The District Court gave a decree, adjudging that plaintiff had a perfect title to the land. That decree was affirmed by the Supreme Court of Nebraska. An appeal was taken from the latter court to the Supreme Court of the United States, where the decree of the state court was affirmed in an opinion delivered by Mr. Chief Justice White.

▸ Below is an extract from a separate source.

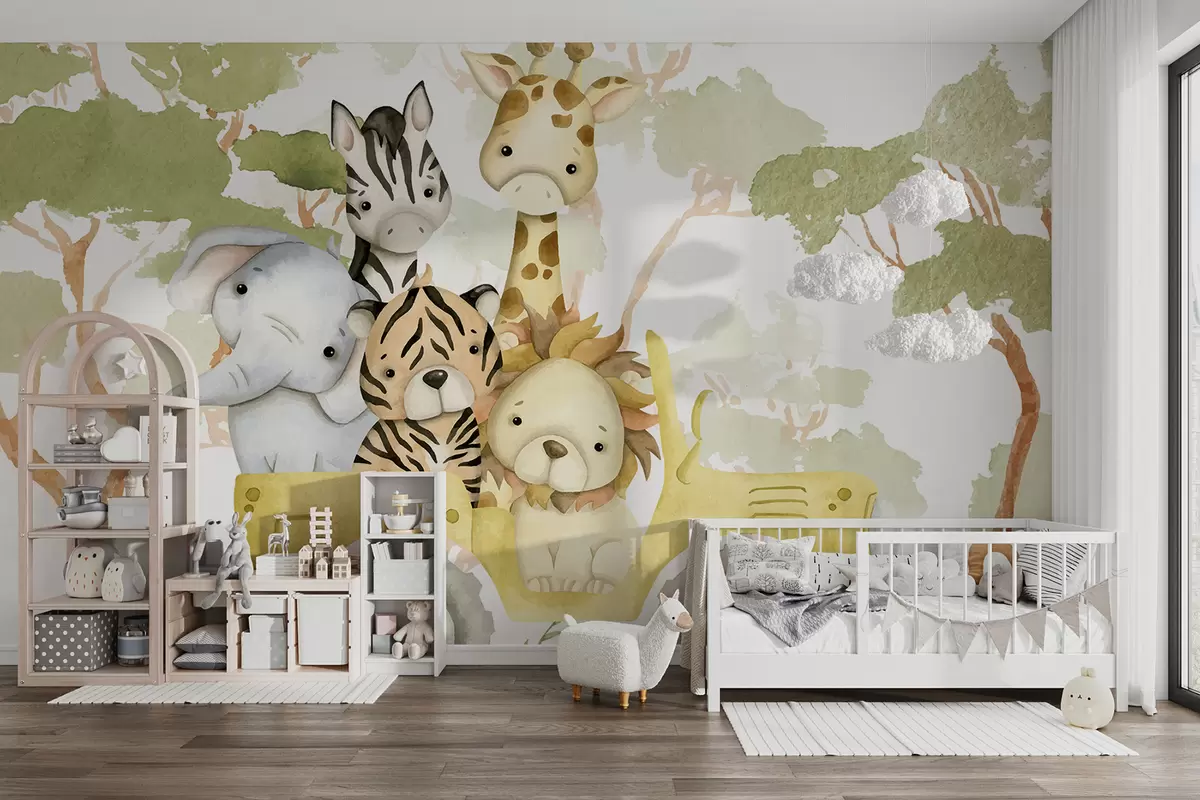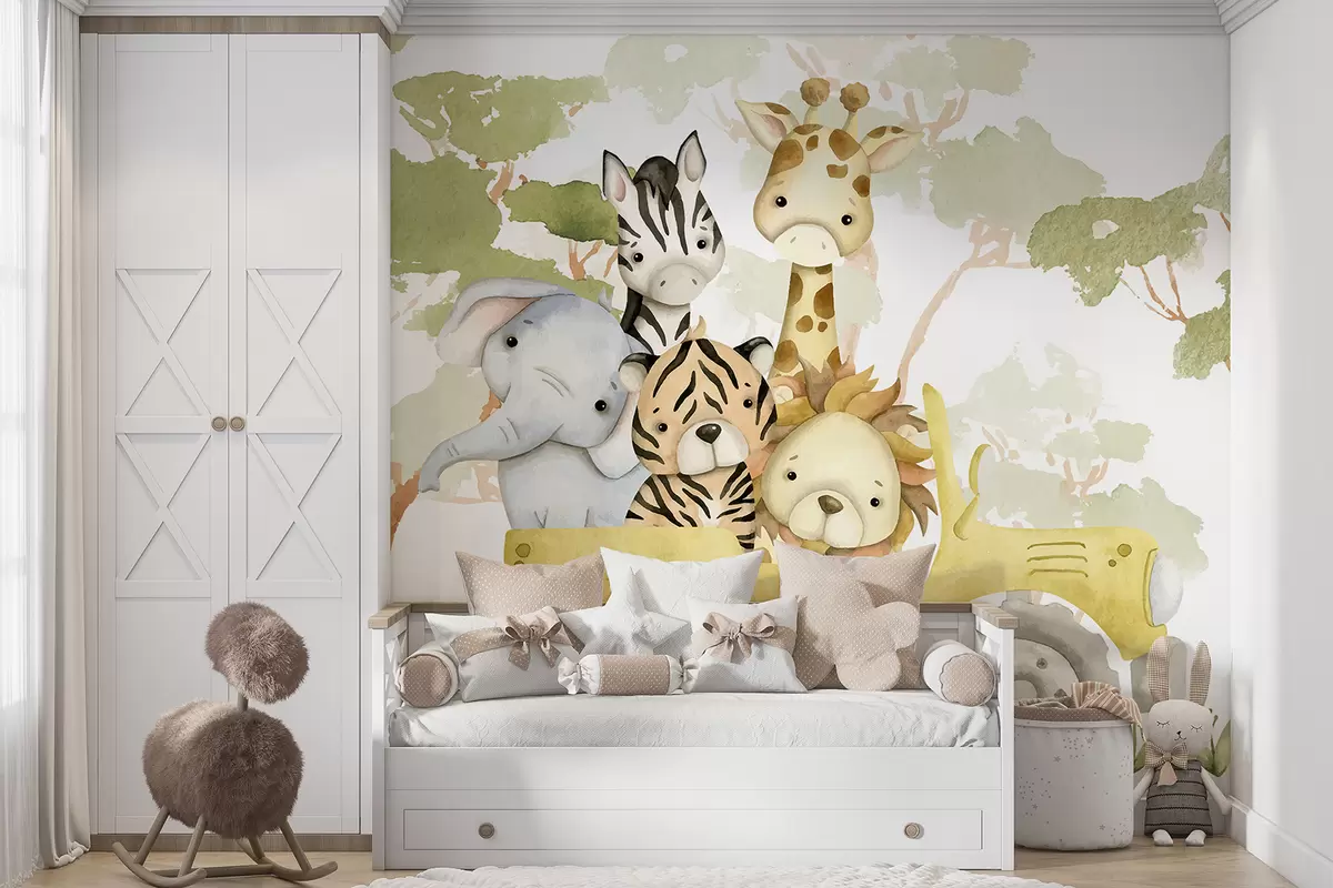 Valokuvatapetti Keltainen leluauto kuljettaa kirahvia, tiikeria, kania ja norsua vihreän lehvistön taustalla Nr w08233

The learned Chief Justice, after reciting the facts relating to the above-mentioned controversy respecting the title to the lands and stating the contentions of defendants made in the state courts, said:

“The plaintiff, by his reply, in substance alleged that the grants were in praesenti, and that the effect of the completion of the railroads and compliance with all the terms and conditions of the act prior to January 1, 1870, operated to pass the title of the government on or prior to that date, and that the General Land Office had not thereafter jurisdiction in respect to such lands, and that the adverse possession of the plaintiff was not affected by the proceedings had in the Land Department concerning such land.
“The cause was submitted to the court on the pleadings and evidence, and a decree was entered adjudging that Wiese had a perfect title to the tract. The supreme court of Nebraska affirmed the decree (77 Neb. 40, 108 N. W. 175), holding, in substance, that the grant to the two companies of the tract in controversy was in praesenti, that the title of the companies attached upon the definite location of their line?, of road, and that the adverse possession of *317Wiese and Ms grantor, commencing in 1882, had completely barred any claims of the companies to the property. * *
“That the decision of the court below was right, as applied to the land within the place limits of the main line grant made to the Union Pacific Railroad Company by the act of 1862 and the amendatory act of 1864, is not an open question. This is so, since it has been expressly held that the main line grant was one in praesenti, that the grantee company had a right to bring ejectment for such land after the definite location of its road, and that consequently, from the time of such definite location, a possession might be acquired by a third party to land embraced within the grant, which would be adverse, even as to the railroad company, and bar its title if possession was continued for the statutory length of time.”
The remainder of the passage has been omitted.